Finally, with a lot of delay, I've just released the first full public
version of my nftables code (including userspace), which is intended to
become a successor to iptables. Its written from scratch and there are
numerous differences to iptables in both features and design, so I'll
start with a brief overview.
There are three main components:
- the kernel implementation
- libnl netlink communication
- nftables userspace frontend
The kernel provides a netlink configuration interface, as well as
runtime ruleset evaluation using a small classification language
interpreter. libnl contains the low-level functions for communicating
with the kernel, the nftables frontend is what the user interacts with.
Kernel
------
The first major difference is that there's no one-to-one relation of
matches and targets available to the user and those implemented in the
kernel anymore. The kernel provides some generic parameterizable
operations, like loading data from a packet, comparing data with other
data etc. Userspace combines the individual operations appropriately
to get the desired semantic.
Data is represented in a generic way inside the kernel and the
operations are defined on the generic data representations, meaning
its possible to use any matching feature (ranges, masks, set lookups
etc.) with any kind of data. Semantic validation of the operation is
performed in userspace, the kernel doesn't care as long as the
operation doesn't potentially harm the kernel.
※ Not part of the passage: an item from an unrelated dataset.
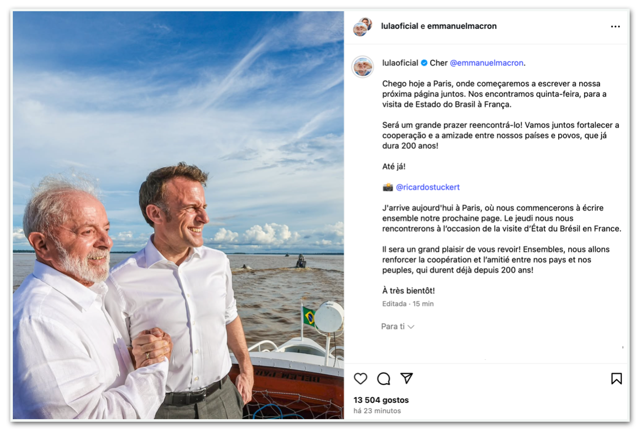 “Cher Emmanuel Macron. Chego hoje a Paris, onde começaremos a escrever a nossa próxima página juntos”, escreveu Lula em seu perfil no Instagram. “Será um grande prazer reencontrá-lo! Vamos juntos fortalecer a cooperação e a amizade entre nossos países e povos, que já dura 200 anos! Até já!”, disse o presidente.

The kernel doesn't have a distinction between matches and targets
anymore, operations can be arbitrarily chained, fixing a common
complaint that multiple rules are required to f.i. log and drop a
packet. Terminal operations will stop evaluation of a rule, even if
further operations are specified. Userspace warns about rules
containing operations after unconditionally terminal operations.
Some operations can be runtime-parameterized, f.i. the "meta" module,
which can change meta-data like packet marks. This can be used to
transfer marks between conntracks and packets, transfer routing
realms to marks for binding connections to a route in multipath
environments, or create maps (dictonaries) of parameters depending
on some different value and more.
Last but not least, nftables natively supports set lookups and
dictionary mappings. Sets (as everything else) operate on generic
data and thus can be used for any kind of match. Depending on the
kind of set, they also support range queries, which allows to
specify sets containing f.i. individual hosts as well as entire
networks with different prefix lengths.
Currently implemented are hash lookups and rb-trees (which are
quite suboptimal for this purpose). The internal set representation
is currently selected by userspace, but the goal is to have the
kernel select it automatically based on the required operations.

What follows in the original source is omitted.